According to the movie’s novelization by Lynne Reid Banks, “Moses seemed to see the eye of his mind closing.”

Equally powerful and vital to the film are the Broadway-style musical numbers by Stephen Schwartz and score by Hans Zimmer. It’s a crime that so little of the latter is included on the official soundtrack. For its final scenes, the movie uses as little dialogue as possible, letting the music and visuals tell the story by themselves and giving what dialogue there is as much impact as possible. And it is awesome.

The part of the movie with which viewers for whom the source material is sacred are most likely to take issue is its portrayal of Moses’s brother, Aaron (Jeff Goldblum, whose character doesn’t do any singing), as a mostly negative, though not unsympathetic, character who only redeems himself at the end. While there is precedent for Aaron being weak in the Pentateuch, mainly the golden calf incident, he was delighted to be reunited with his brother and was arguably the second biggest hero of the Exodus after Moses. He was also the head of the Levitical line of priests, making him an important figure in Abrahamic religions. The Prince of Egypt‘s depiction is pretty offensive, though I can sympathize with the dramatic reasons behind the change.

The movie’s biggest shortcoming artistically is that while Moses and Rameses emerge as complex and compelling characters,[11]I haven’t given you a good idea of the movie at all by not writing more about their arcs, but to do so might spoil someone’s first-time viewing experience. everyone else’s characterization consists of one or two notes. This is happily more of a limitation than a drawback, but considering how much the camera focuses on Aaron, Moses’s sister, Miriam (Sandra Bullock; singing voice Sally Dworsky), and his wife, Tzipporah (Michelle Pfieffer,) during the final scene, it does seem like we’re supposed to be more invested in them than I think we actually are.
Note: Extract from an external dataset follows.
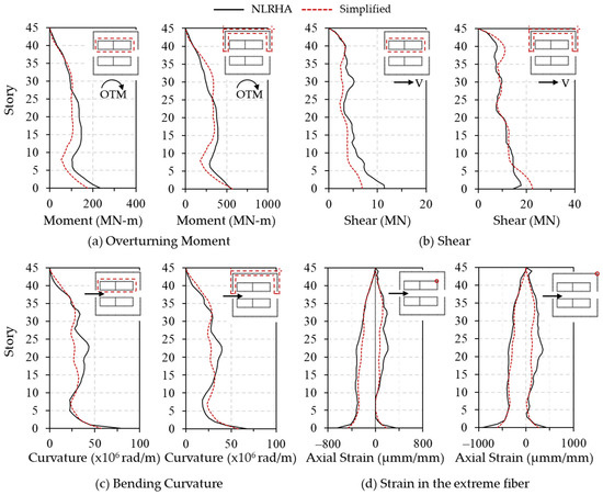 The flexural rigidity of each individual wall () can be determined using the gross properties specified in the as-built drawings. Although each individual wall might crack or yield at any level, resulting in changes in its flexural rigidity, we determined that this ratio computed under gross properties accurately distributes the responses among all RC walls in all case study buildings. The force-related responses of each wall of the ith mode can be combined using Equation (6) to determine the force-related demands. Figure 18a,b show examples of the computed story shear and overturning moment demands of the two RC walls in building B3 when subjected to EQ1. The results indicate that the simplified procedure computes responses that are reasonably close to those computed by the NLRHA procedure.

I’m not sure how the movie could have developed anyone further though without sacrificing its effective pacing which packs a whole lot of storytelling into a short running time and feels neither slow nor rushed. And, of course, the story is supposed to be about a people, not about individuals. Considering that I’m more interested in stories about individuals than people groups, the fact that The Prince of Egypt works so well for me might just be one of its finest achievements. Downright miraculous really.

Stay Tuned

References

References
1 That’s not to say all of them-or even any of them-are terrible. Just that they’re far from being consistently great.
2 Yes, I know they all use computers, but you know what I mean. By the way, I’m just going to count theatrically released hand-drawn movies. I won’t be writing about Joseph: King of Dreams (2000) or the various Kung Fu Panda supplementals, but my memories of them are positive.
3 If you’re a big fan of animated Disney movies from the 90s, please don’t take offense. Being formulaic isn’t the worst thing from my perspective, I consider the narrative formula for 90s Disney animation to be very solid as far as narrative formulae go, and at least of their films from this decade, Beauty and the Beast and Mulan, are favorites of mine. But I can see how people actually living through the decade, as opposed to people in the present looking back on it nostalgically, would find it tiresome.
4 Sure, Shrek begins with a page from a fairy tale book being crumpled up and used for toilet paper (literally), but it ends by revealing that its story has become just such another storybook (also literally.) And even the subverted storybook prologue serves to provide legitimate exposition.
5 I know calling atheists a religious group is questionable, but you know what I mean.
6 If you’re interested in which aspects of the adaptation are inspired by which religions, here’s my attempt at a list. As in Hebrew midrash, Moses’s sister predicts he will free his people from slavery long before it happens. God sharing a voice actor with Moses reflects the Jewish tradition that when anyone hears God, He sounds like their own voice. Moses’s motives for leaving Egypt are more in keeping with the New Testament book of Hebrews, which describes him as choosing “to be mistreated along with the people of God rather than to enjoy the pleasures of sin for a short time,” rather than him running for his life as in the book of Exodus. (That probably also reflects Jewish tradition.) More debatably, the flames around the famous burning bush visually evoke the fire of Pentecost. As in Qur’an Surah, Pharoah’s wife (Helen Mirren) is portrayed as instrumental in the royal family adopting Moses (and his basket washes up on the shore rather than being left on the bank) and Pharoah threatens to kill the sons of Israel to spite Moses. (Ironically, in The Prince of Egypt, he does this right before God smites the Egyptian firstborn.) Of course, it’s probably an exaggeration to say any of these things were specifically inspired by any religious tradition. Many of them have obvious dramatic appeal and could easily be coincidental. But the movie did have Jewish, Christian and Muslim consultants so who knows?
7 Well, maybe proponents of Critical Race Theory will appreciate that.
8 And for a prophet to hate the job he has to do is actually pretty consistent with Abrahamic faiths.
9 Also the new songs for the stage musical, with a few exceptions, aren’t nearly as memorable as the themes from the original movie, but I digress.
10 The colossal monuments and palaces of Egypt are depicted as much larger than they would have been historically. This was a deliberate decision on the part of the filmmakers to make the characters relatable to viewers familiar with modern skyscrapers.
11 I haven’t given you a good idea of the movie at all by not writing more about their arcs, but to do so might spoil someone’s first-time viewing experience.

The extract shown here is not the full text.